A Javanese gentleman usually wears a handkerchief round his head, a smart green or purple velvet or cloth jacket with gold b.u.t.tons, a shirt with gold studs, loose trousers and sometimes boots, and a sarong or sash, in the latter of which is always carried a kriss ornamented with gold and diamonds. The Chinese, as elsewhere, are a plump, clean, and good-tempered-looking people; they, as well as other people from the neighbouring countries, are under charge of a captain or headman, who is answerable for their good conduct. The Dutch troops, dressed in light-blue and yellow uniforms, and mustering upwards of two thousand infantry, besides artillery and cavalry, consist of Javanese, Madurese, and Bugis, with Negroes and Europeans, frequently Dutch convicts who, to escape punishment at home, have volunteered to serve in the army in Java. What can one think of the character of an army composed of such men? and how much more calculated must they be to injure and demoralise than to protect the people, and to maintain order, which is the only legitimate object of a military body! I hope that my readers are not tired with my long account of the Javanese.

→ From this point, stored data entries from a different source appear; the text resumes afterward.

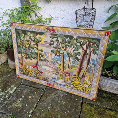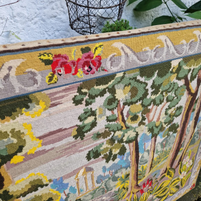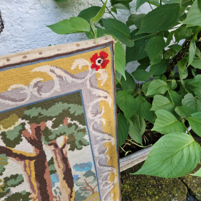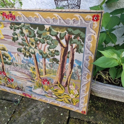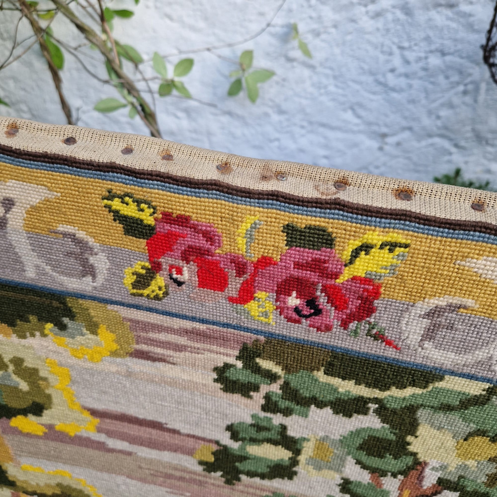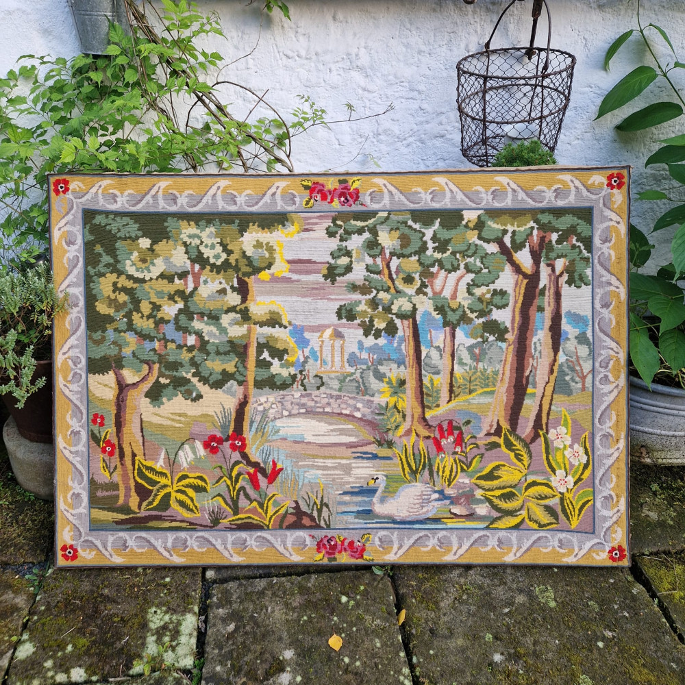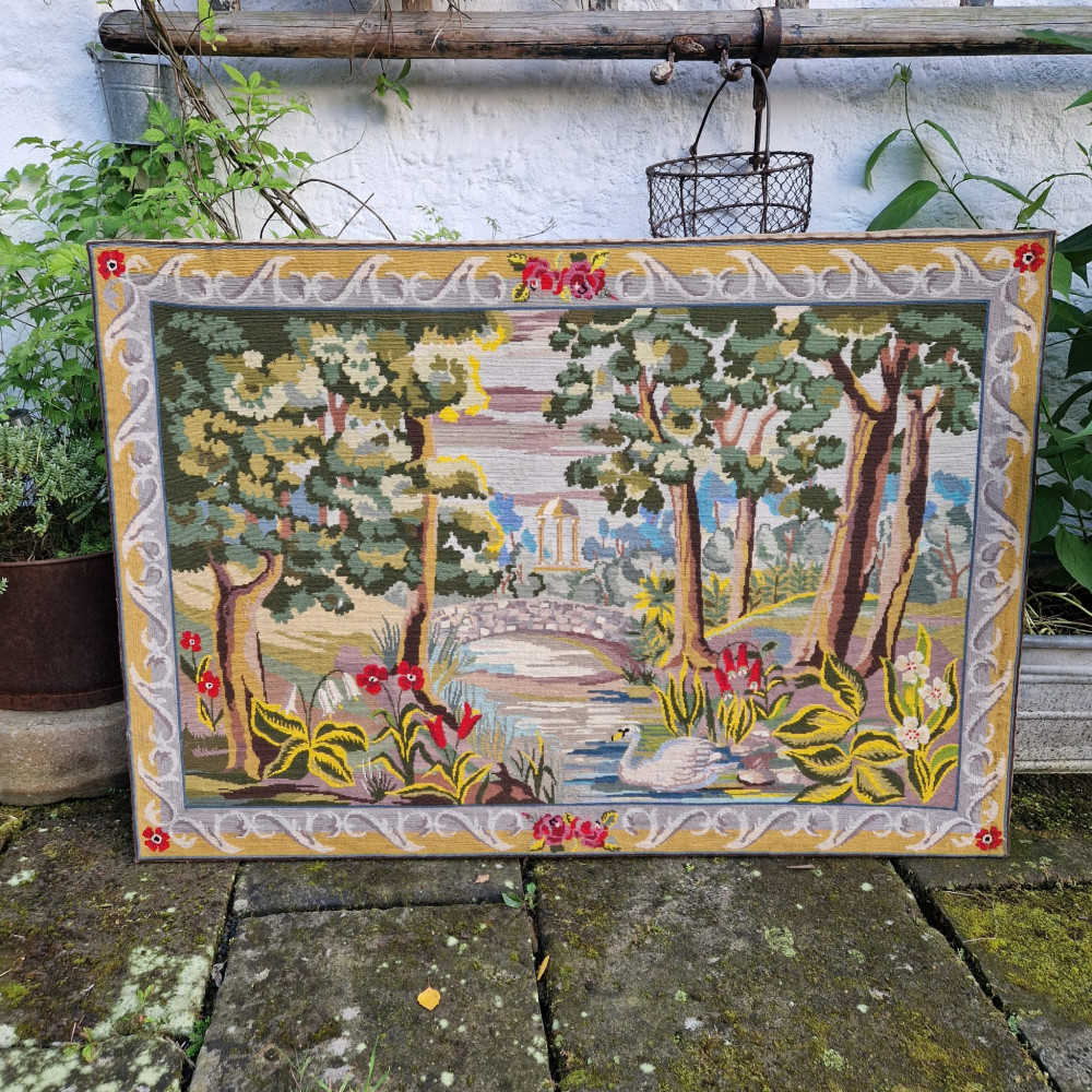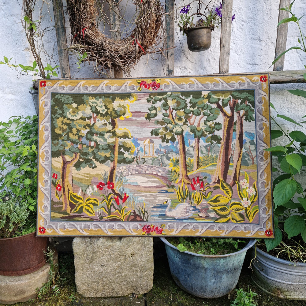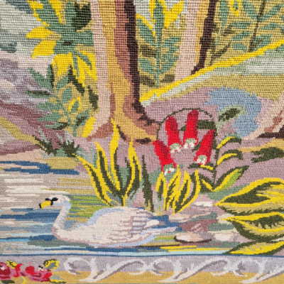 Krásná ručně vyšívaná tapiserie s jemně laděným romantickým motivem. Scéna zobrazuje malebný lesní park s kamenným můstkem, potůčkem a bílou labutí na vodní hladině. Okolní květiny v sytých barvách a vzdálené antické sloupoví dodávají obrazu nádech elegance a klidu.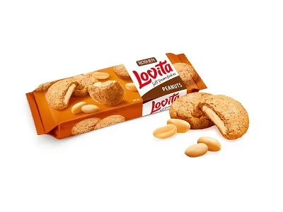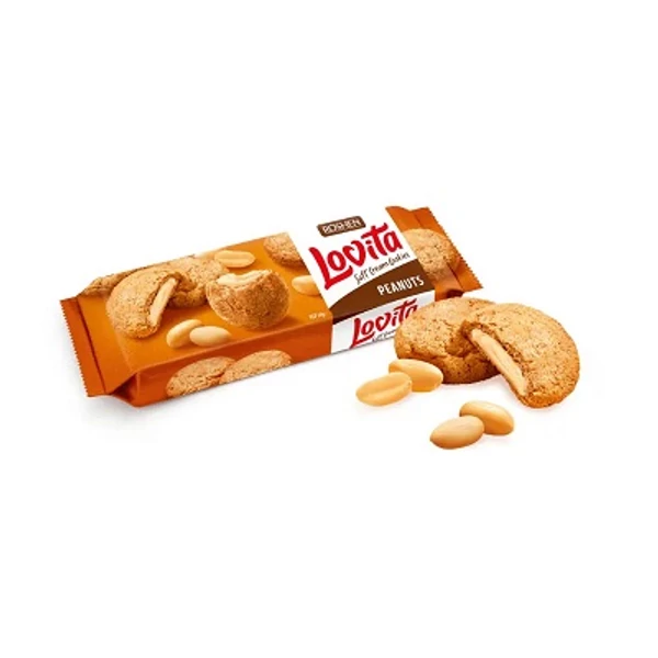 A Lovita Soft Cream Teasütemény – földimogyorókrémes (127 g) puha, omlós teasütemény, közepén gazdag földimogyorókrémmel.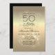 Luxo, elegante preto e ouro 50 e Fabuloso, 50 anos de convite com um único e sofisticado lugar floral de desenho artístico.
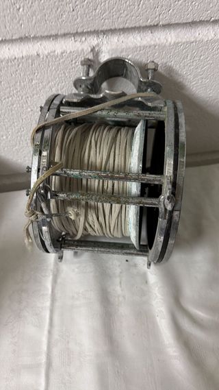 Carrete de pesca plateado con detalles en azul y negro. - Bobina con hilo blanco. - Mango giratorio con empuñadura negra. Necesita reparacion corona interior el resto esta perfecto santander no envio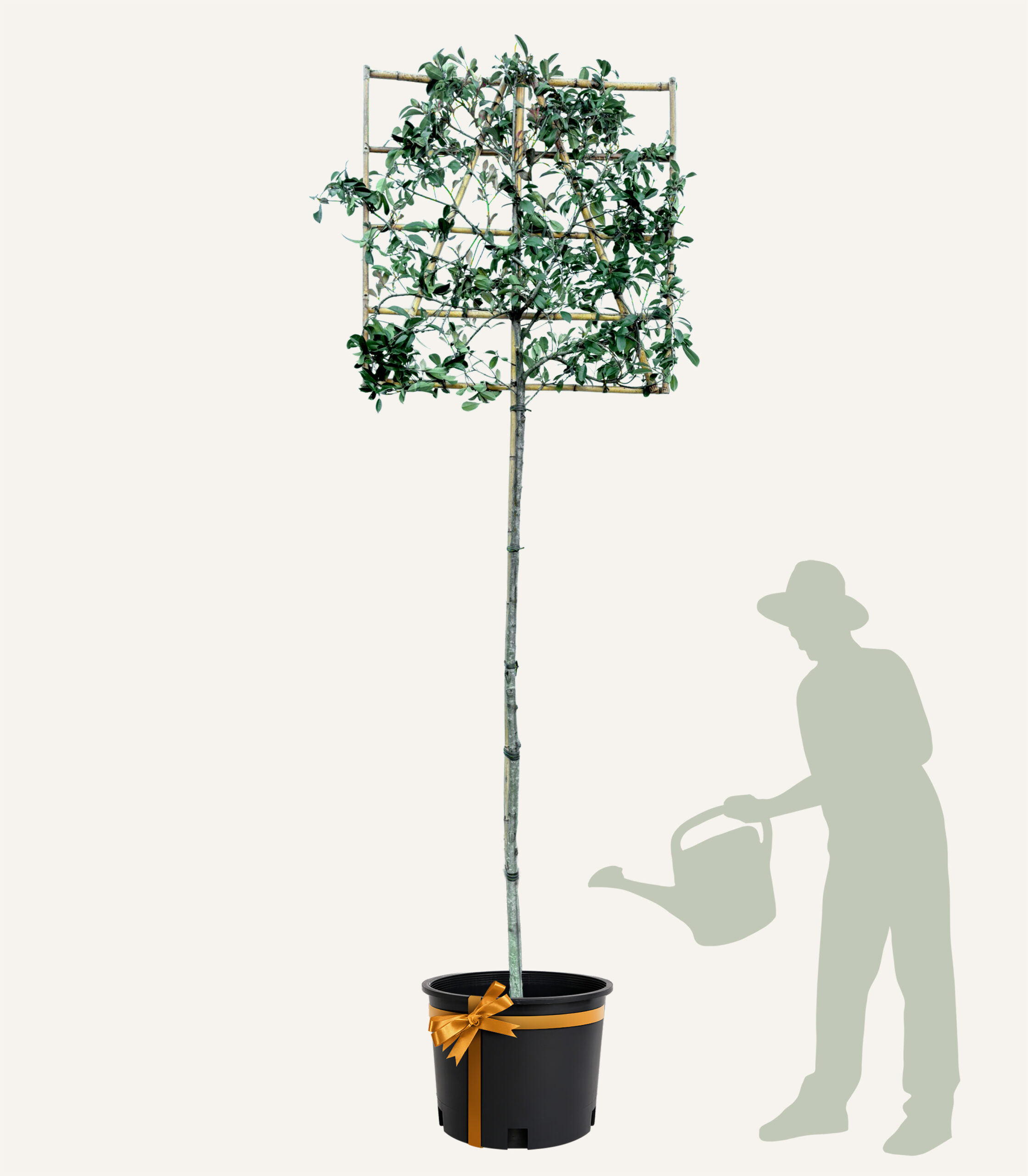 De Glansmispel ‘Red Robin’ Leiboom is een sterke en winterharde plant. Geef de boom regelmatig water, vooral in droge periodes en na aanplant. Zorg voor een goed doorlatende, voedzame grond en plaats hem bij voorkeur op een zonnige tot halfschaduwrijke, beschutte plek. Bemest in het voorjaar en de zomer voor een gezonde groei en een intens rode bladkleur. Regelmatig bijsnoeien helpt om de leivorm strak te behouden.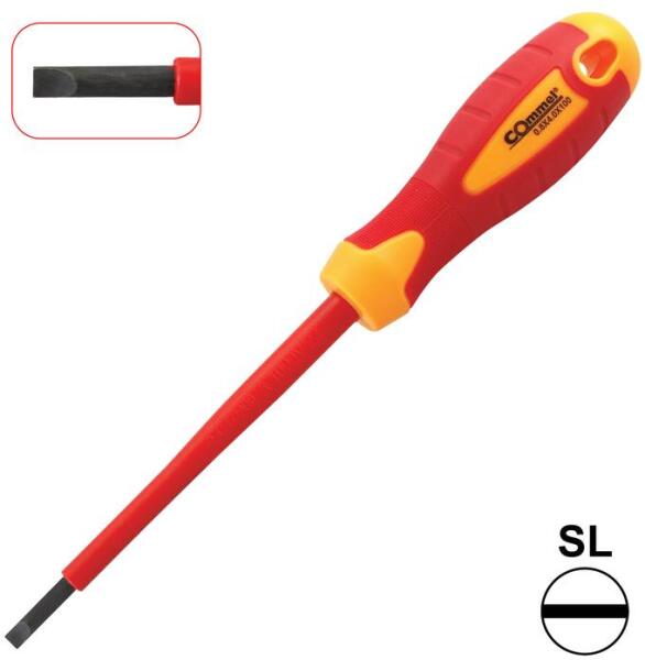 COMMEL VDE Lapos csavarhúzó, SL 4x100mm, szigetelt, 1000V (370-204) Termék információ: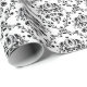 Elegant wrapping paper printed with a black damask pattern on a white background

The next morning I returned to the town with Mr Scott, and immediately set out in search of the pedlar. I was not long in finding him, for he was hovering about the hotel in hopes of having another deal with me. He did not suspect that I had friends who could apply to the authorities to make him give me the information I required. I had my young Javanese guide watching, who instantly ran off to call Mr Scott, while I held the pedlar in close conversation. On Mr Scott's appearance, the impudent look of the man instantly changed to one of submissive respect.
"I thought you were a wise man, Chin Fi," began my friend, who appeared to know him. "Here is a gentleman offers you a handsome reward for a bit of trifling information, and you refuse to give it him; how is this?"
"Though the information is trifling, the young gentleman seemed very eager to get it," answered Chin Fi, recovering himself. "But I am a reasonable man, and was about to give it when he interrupted me yesterday."
"Continue your story, then," said Mr Scott, aware, however, that he was not speaking the truth. "You were in the island of Timor when you procured the brooch in question."